En fait, ce sont les destriers de Galenn et de ses compagnons qui suivent avec alerte le vol de l'oiseau de proie de Dame Tajli, lequel est revenu avec, dans son bec, un brin du foulard rouge de Ja ainsi qu'une tige d'un arbrisseau : il y a un oasis et Ja y est !

Au lever de l'aurore, dans le ciel rosissant, retenant leurs soif et fatigue lancinantes, le groupe s'est alors élancé sans hésiter sur les traces de la Petite Shoof.  Galenn et Xen sont en effet fâchés contre la témérité de Ja mais tout aussi admiratifs de sa découverte.  Reste maitenant à la rejoindre au plus vite.  Les bêtes sont aux limites de leurs forces et les cavaliers aussi.
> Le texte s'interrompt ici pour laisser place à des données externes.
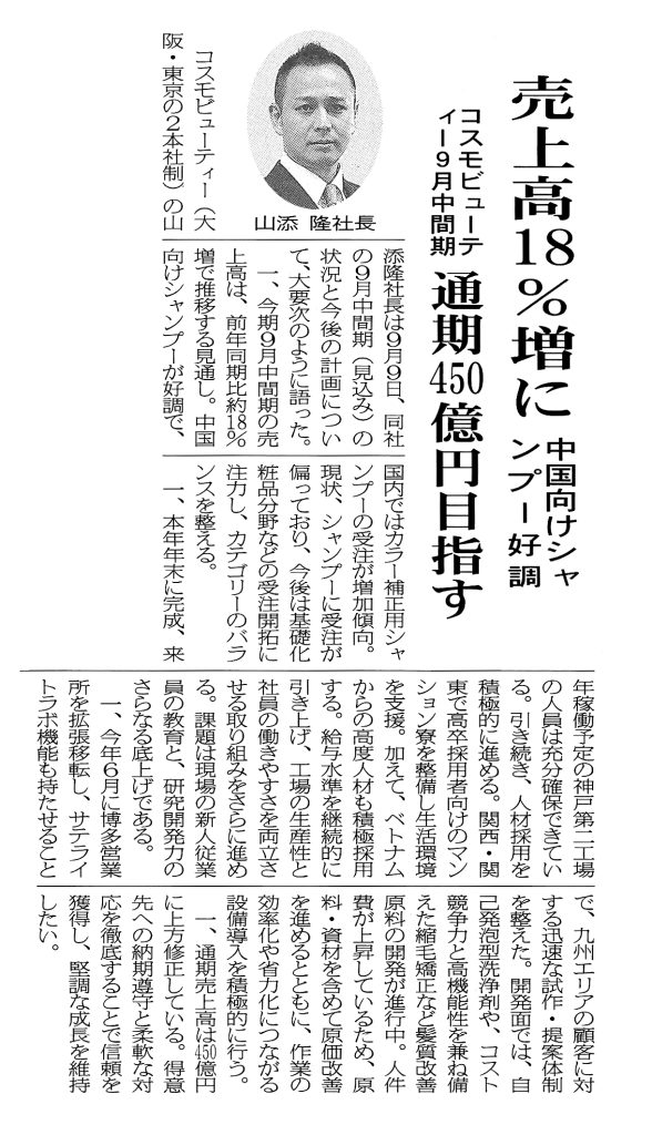 News TOP › Media Coverage › Featured in “Aerosol & OEM Industrial Newspaper.” Featured in “Aerosol & OEM Industrial Newspaper.” 2025/09/15 Category Events Cosmo Letter Media Coverage NEWS Archive September 2025 (3) June 2025 (1) March 2025 (1) January 2025 (2) October 2024 (1) June 2024 (1) March 2024 (1) January 2024 (1) November 2023 (1) September 2023 (1) July 2023 (1) May 2023 (1) March 2023 (1) January 2023 (1) November 2022 (1) September 2022 (1) July 2022 (1) May 2022 (1) March 2022 (1) January 2022 (2) November 2021 (1) September 2021 (1) July 2021 (1) May 2021 (1) March 2021 (1) January 2021 (1) November 2020 (1) September 2020 (1) July 2020 (1) May 2020 (1) March 2020 (1) January 2020 (1) November 2019 (1) September 2019 (1) July 2019 (1) May 2019 (1) View All Archives Recommended Articles / Featured Articles

Les destriers sont de robustes bêtes mais Leky ne les lancerait pas ainsi dans une course dans un désert de rocher blanc s'il n'avait foi en le rapace de sa belle-sœur.

—    Il a un nom ton oiseau ? demande Val à Talji ?
—    Un nom ? répond la Dame, tout en conservant l'allure de sa monture, en jetant un œil surpris vers la Shoof sur son épaule.
—    Ben oui, un nom.  Comme nous quoi ! Talji, Galenn, Val.  Un petit car il est petit, comme le dit Ja.
—    On ne donne pas de nom aux favoris de compagnie.  Il est l'oiseau de Talji,  voilà.
—    Je trouve cela dommage quand même.  Il est gentil, courageux, persévérant, intelligent et fidèle .  Il mérite d'être reconnu par un nom à lui, il me semble.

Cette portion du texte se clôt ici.